Tyler, of Waverly Brook Farm in Haliburton Highlands, is willing to paint the grim scene to illustrate the dire problem facing Haliburton County’s agricultural community; a lack of readily available veterinarians for farm animals.

The problem means that farmers have to solve problems themselves, even if not comfortable doing so, or pay impractical prices to access a vet from outside the region. Godfrey, and others are calling for the provincial government and animal welfare institutions to put more creative thinking into solving what they say is a long-standing problem that affects several rural Ontario regions.

Before 2021, Haliburton-area farmers had a local vet, who could attend to local emergency calls. But at the start of 2021, Dr. Aimee Coysh Filion suspended offering on-call services to big animals and limited her practice to in-house visits.
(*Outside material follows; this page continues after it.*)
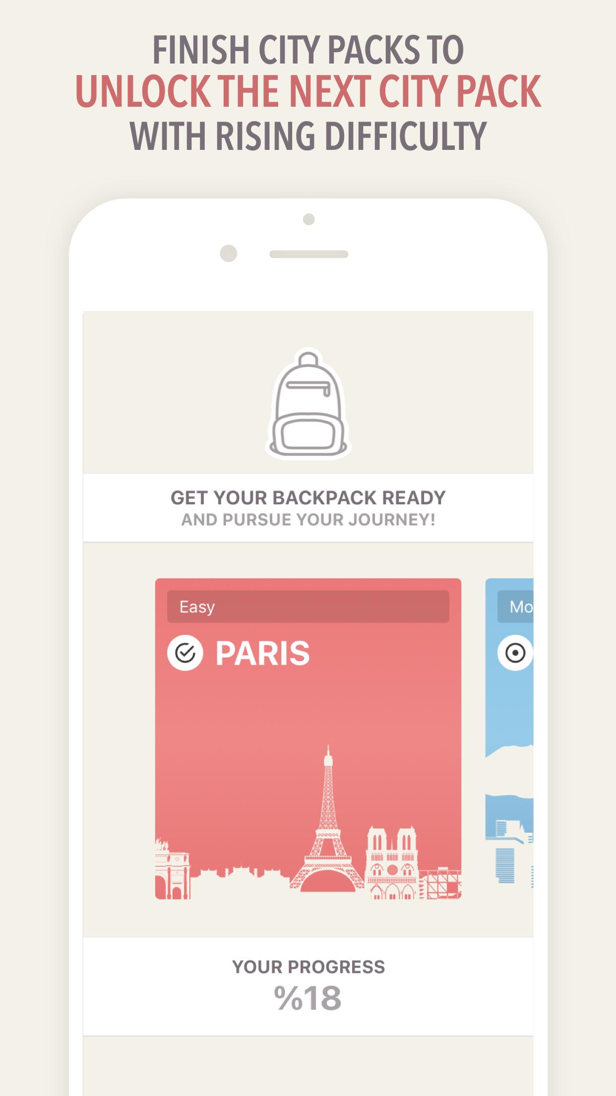 With the backpacking concept, playing Wordpack is really enjoyable. Visit up to 7 cities and play 15 city levels on each city to unlock the next city pack! With hand crafted 100+ challenging puzzles, you will never get bored!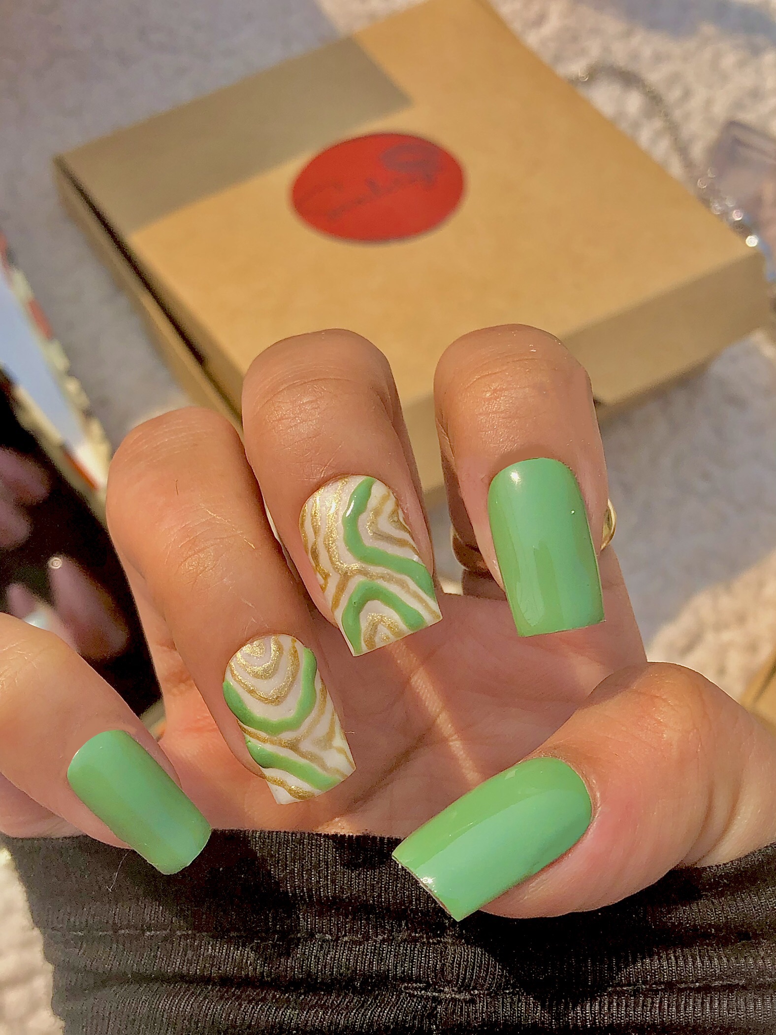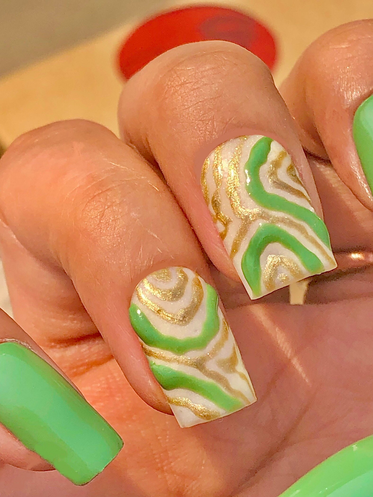 Green nails with golden detailing; a true match for trouble makers.

One of her colleagues was leaving the clinic to return to Ireland, meaning the clinic couldn’t continue to serve farmers.

“It is unfortunate, but not many veterinarians want to practice mixed animal medicine, or do on-call,” she wrote. “Furthermore, there is a serious lack of veterinarians in our province as a whole, and many clinics have to search for a longer period of time to find one.”

“What other discipline is available 72 hours a week?” said Gord Mitchell, secretary and treasurer of the Northern Producer Animal Health Network, which is monitoring Haliburton County’s vet shortage.